On the July 4th holiday I sat at home watching my friend live-stream the fires in Colorado that were rapidly approaching her house. She was waiting to find out if they have to evacuate as the fires climb the hills near her house and head to a safer location for her and her family. They were lucky and everything is fine with their neighbourhood and they are home now.
This got me thinking about email and how it can help or hurt a brand when disaster strikes. Are you able to adjust your marketing plan to deal with it? Do you even have a plan in place?
Well there is nothing more embarrassing than having your company name dragged through the mud on social media for being oblivious to those in need. Aweber shared some horror stories just like this sent during Hurricane Sandy.
Do residents in the area impacted need to know about your local sales today or should they be looking for shelter and information on where they can go to find safety. Is using the current disaster for a catchy subject line or as a driver for your latest promotion tag line, you should probably stop and think again. More importantly consider if your subject line with a clever pun about the rain, wind, fire, smoke, etc… is truly in good taste and if the people receiving these messages will think it’s as funny as you or your team do.
Other subscribers might be looking for ways to help, and your organization might be in a place to offer just that. Things from organizing drop off centers at your retail locations or business offices, donation matching, or simply suppressing your regularly scheduled mailings for a period of time where people are not going to be focusing on them. What about when they are able to return home and the dangers have passed? Some people may have lost everything. How is your organization ready to help these individuals reclaim what they may have lost?
For example in this email from AARP they offer their members a way to donate money, matched by their supporting partner, the Miami Dolphins, in an attempt to deal with getting people back on their feet.
Having a response plan in place will help you decided on the proper course of action for your individual business.
Here are a few tips to consider:
- Monitor the media for disasters, and identify subscribers in the impacted areas. Use store level data or information available from your local postal service (i.e. the USPS)

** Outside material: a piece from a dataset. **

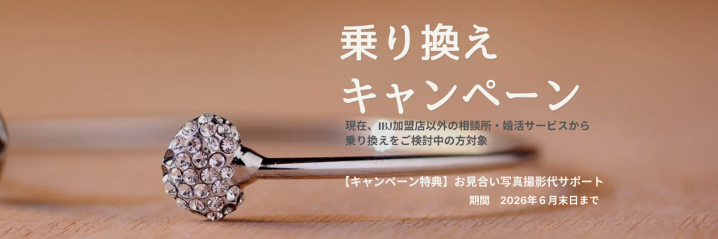 現在、IBJ加盟店以外の相談所・婚活サービスから乗り換えをご検討中の方を対象に期間限定の乗り換えキャンペーンを実施しています。(2026年6月末日まで)

- Build a plan to message these individuals separately, even if that includes suppressing them for a period of time. This includes email communications, automated posts and social sharing
- Communicate with your customers in impacted areas and consider options such as, holding shipping packages until after the dangers have passed, offer alternative shipping locations that customers can easily access, or discounts on out of town services where they can reach safety in times of evacuation
- Consider your social response to these disasters and if there is opportunity for your business to make a difference
- Engage your action team to build the proper messaging and look for support opportunities
It might take a little bit of work and effort, but being compassionate in times of disaster will make your brand a disaster hero and not the disaster zero.